BATTLE OF THE BANDS: “Cry Me A River” results


So, last week I chose the song “Cry Me A River,” a torch song popularized by Julie London in the 1950’s and recorded many times since, including the contestants from last week, Joe Cocker and Michael Bublé. Cocker’s version was done during the “Mad Dogs and Englishmen” tour in 1969-70 and was a blues-rock version arranged by Leon Russell, the guy in the green top hat in the video. Bublé’s was a Big Band version, sung with the appropriate Vegas-style bombast. I purposely didn’t give you any obvious choices, including Julie London’s original (which would have been my choice, as it is a classic, both for Ms. London’s vocal and Barney Kessel’s remarkable guitar playing) and Ella Fitzgerald’s version from the early 1960’s (she would have sung the song in Pete Kelly’s Blues, had they decided to keep it). I could have put Julie up against Ella with this, but chose not to; both women are remarkble singers, but their versions are not that different from each other.

This appeared, from many of the comments I received, to have become a contest between “NOT Joe Cocker” and “NOT Michael Bublé”. In the end, Not-Cocker beat Not-Bublé by almost a 2-1 margin. The tallies:

Cocker 5
Bublé 8

My own choice wouldn’t have made a difference, but I would have chosen Joe Cocker’s version. It was the first version I heard, he was backed by some of the best sidemen of the late 1960’s-early 1970’s (Leon Russell, Chris Stainton, Bobby Keys, Jim Keltner, Carl Radle) and a number of fine singers (including Rita Coolidge and Claudia Lennear), and it was an interesting take on the song. But I don’t give myself a vote.

Okay! So, we’ll see you back here on the first of next month. Rock on!

10 thoughts on “BATTLE OF THE BANDS: “Cry Me A River” results

  1. Shoot, I miss the vote! Oh well, that’s what happens when you take a blog hiatus, huh? If I had gotten a chance to cast my pick it would have been Joe Cocker. Michael Bublé did a good job, but Cocker’s cover is closer to the original and feels more right to me. Thanks for stopping by and casting your vote. I’ll share the results on the 1st.

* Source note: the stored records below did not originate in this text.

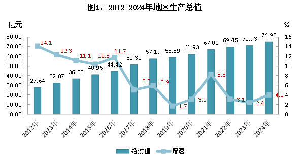 初步核算,2024年全縣生產(chǎn)總值達(dá)74.90億元,比上年同期(以下簡(jiǎn)稱同比)增長(zhǎng)4.0%。分產(chǎn)業(yè)看,第一產(chǎn)業(yè)增加值完成19.43億元,同比增長(zhǎng)4.5%,第二產(chǎn)業(yè)增加值完成13.84億元,同比下降5.9%,第三產(chǎn)業(yè)增加值完成41.63億元,同比增長(zhǎng)7.3%。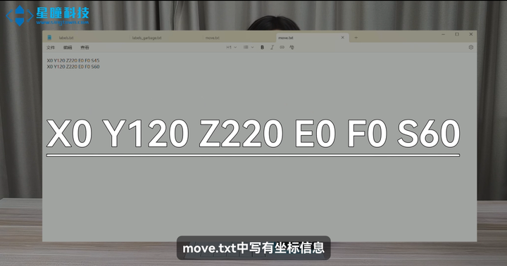 move.txt中写有坐标信息: XYZ三轴的坐标,E滑轨的坐标,F为轴运行速度,S为舵机的角度。 运行代码,机械臂会按照move.txt文件中的内容进行运动。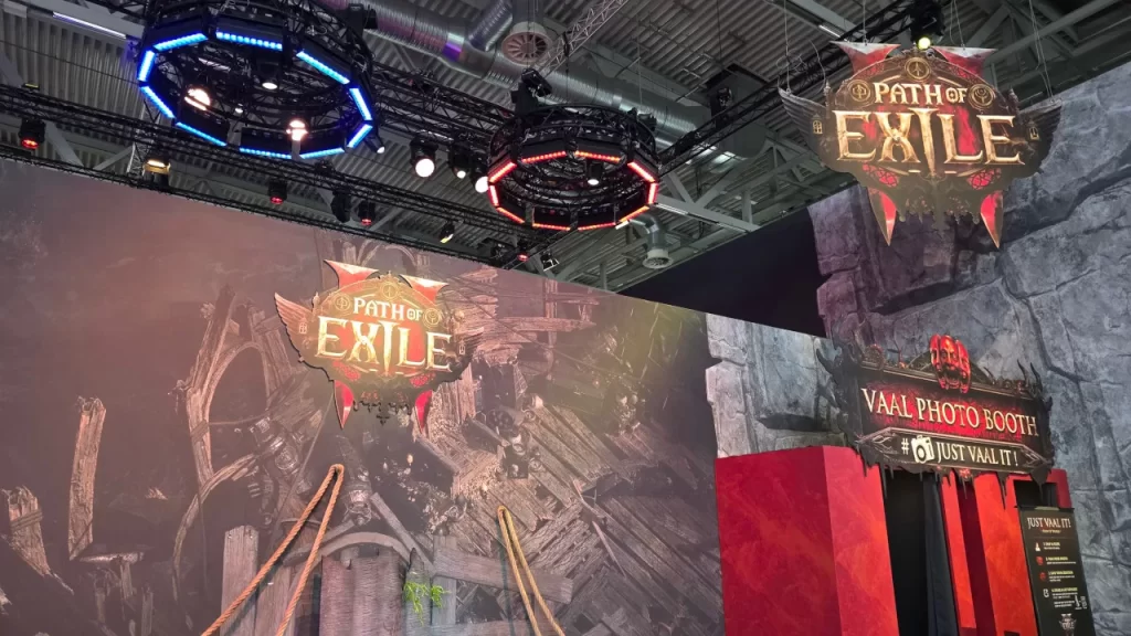 Uma das primeiras coisas que fizemos no Gamecom deste ano Ă© visitar o Caminho do exĂlio 2 Booth, e lá,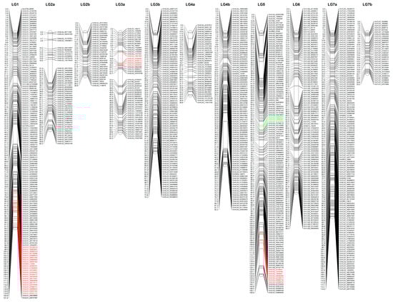 Linkage map of PR-25 population, including 11 linkage groups. A total of 139 unique loci were mapped on chromosome 2 linkage group 1 (Chr2LG1), 48 on Chr6LG2a, 31 on Chr6LG2b, 51 on Chr5LG3a, 91 on Chr5LG3b, 38 on Chr4LG4a, 97 on Chr4LG4b, 134 on Chr3LG5, 106 on Chr1LG6, 135 on Chr7LG7a, and 31 on Chr7LG7b. The total number of unique loci was 901 and the total distance of this linkage map was 855.35 cM. Three QTLs were found related to protein concentration and were located on chromosomes 2, 3 and 5 and one QTL was identified for yield which was located on chromosome 5. These protein-related QTLs (PC-QTL-1, PC-QTL-2 and PC-QTL-3) accounted for 22%, 11% and 17% of the phenotypic variation for protein concentration in PR-25, respectively. The identified QTL for yield, indicated in green, explained 11% of the phenotypic variation for yield.

  2. I enjoyed this BATTLE, but unfortunately your site would not let me comment. I’m trying again this time just to see what happens and if the comment does go through, I also want to apologize to both you and Joe Cocker, because that is where I was trying to cast my vote. That tour was exceptional. (Big Leon Russel fan here).

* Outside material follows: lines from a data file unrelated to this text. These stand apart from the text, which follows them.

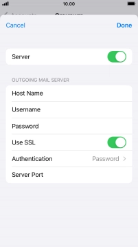 Press Password and key in the password for your email account. Please note that if you're using Vodafone's outgoing server, leave the password field empty.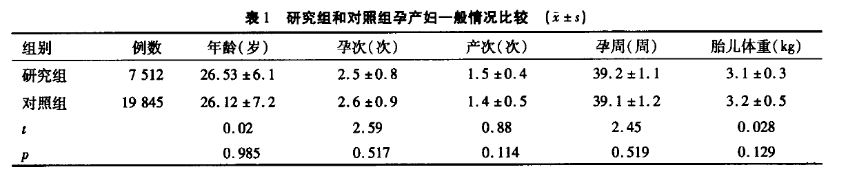 2.1研究組和對(duì)照組孕產(chǎn)婦一般情況比較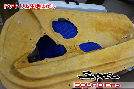 さらに、ドア側の2ユニットについて、カスタム製作したアルミ削り出しのバッフルリングを配置したほか、ドアトリムの「表皮」を剥離して、1枚ものの合皮でキレイに貼りなおしました。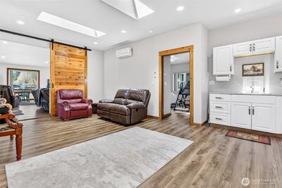 Country paradise & serenity on 5+ acres, 30 minutes from Sea-Tac International Airport! Convenient to everything Seattle/Bellevue have to offer, yet with more wildlife & trees than neighbors. Mt. Rainier views from upper property, 3-bedroom Northwest-style home with 4-bedroom septic. Private ADU on the edge of main home, most of which was newly built in 2021/2022. Inviting wood-luxury prow, covered slate patio entry. Single-level; open-concept floor plan; heat pumps; hot/cool air options; 5-yr. new roof; high-speed Internet; extensive recent upgrades; gorgeous cabinets. Gated entrance; fences surrounding a classic place; quality greenhouse; fertile gardens w/ decade-plus invested in perfecting organic soils. Trees & natural wood chip trails; exceedingly generous garage/storage space; many outbuildings; oversized 4+ car garages; more highlights than listed. Whether you dream of organic gardening, horses & goats, pheasants & chickens, ATVs & motorbikes, woodworking or establishing a sea

    1. I didn’t see your comment hit the Spam bucket. Wonder what happened? Well, I got this one. Let me know if it happens again, okay?

      Joe Cocker had just come off another tour and found out he was committed to doing the tour that became “Mad Dogs and Englishmen.” Leon Russell put the band together and ran all the rehearsals, and he picked some of the finest sidemen (and women) available. That tour could have been a disaster otherwise.


    1. It’s early in the round. It takes me a week or two to get going. Don’t give up unless you’re really overwhelmed. You do have a life, and that’s what’s so good about ROW80. Thanks for stopping in!


      1. Anytime dude, Indeed. I’m not giving up plenty of journey ahead. Drinking coffee, and occasional typo, if I keep it up, I may be third place in typo champions. I will swing, unless my groove has a case of narcolepsy and my muse had taken off somewhere moonlighting as a nymph.


  3. If you would have voted for Cocker then the outcome wouldn’t have been much different, but I’m with you on the reason for voting Cocker–it’s the version I’ve been most accustomed to hearing. I agree that Julie’s is the best.

    Tossing It Out


    1. Undoubtedly. Cocker took the song and made it his own. But Julie London’s version, the original with Barney Kessel playing guitar, is one of the great songs of all time.